Understanding Memory through Pong (C + SDL2)
Building a Ping Pong game in C using SDL2 to understand how real-time systems behave at the memory level.
I built a Ping Pong game in C using SDL2, not as a nostalgia project or a beginner exercise, but to understand how real-time systems behave at the memory level.
The Illusion of Movement
The most important realization was that nothing on screen actually “moves.” Paddles, ball, and score are just structs in memory, and each frame the program mutates a small set of values like position and velocity. SDL simply renders whatever state currently exists. Once this clicks, game programming stops feeling magical and becomes deterministic.
The Game Loop
The program is driven by a classic game loop that strictly separates input sampling, state updates, and rendering.
2. State updates apply rules.
3. Rendering is a pure visualization step that never mutates logic.
This separation is what keeps behavior predictable as complexity grows.
State Machines & Clean Code
The game uses an explicit state model: waiting, playing, and paused, so physics runs only when allowed. Pausing does not freeze input or rendering; it simply halts state mutation. This small state machine eliminates scattered conditionals and scales cleanly.
Pointers & Persistance
Pointers are central throughout the code, not as a low-level gimmick but because passing structs by value would silently break behavior. Movement, collision, and scoring persist only because functions operate directly on shared memory.

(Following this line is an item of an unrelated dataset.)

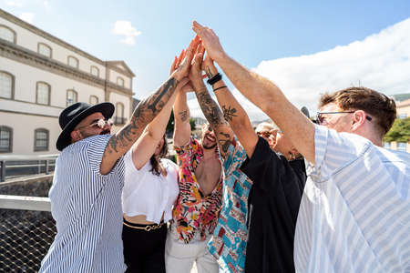 Concept of Friendship, support and teamwork People joining hands together - Young people holding hands together at outdoor.

Physics: Velocity vs Position
Ball physics reinforced another subtle lesson: collision response should act on velocity, not position. Walls and paddles reflect velocity vectors, which produce stable motion. Even then, correctness is not automatic without explicit vector normalization; otherwise, the ball slowly accelerates after repeated collisions. This bug is common, accumulative, and easy to miss.
Conclusion
Scoring is implemented as a controlled state transition: when the ball exits the screen, the score increments, the ball resets, and the game returns to a waiting state. Rendering remains unaware of why values changed; it only reflects current memory. Even text rendering follows this model, converting state into textures through an explicit pipeline.
The project is small by design, but it reinforced ideas that scale far beyond Pong: why game loops are structured the way they are, why state machines matter, why pointers exist, and how small mathematical decisions can destabilize systems over time.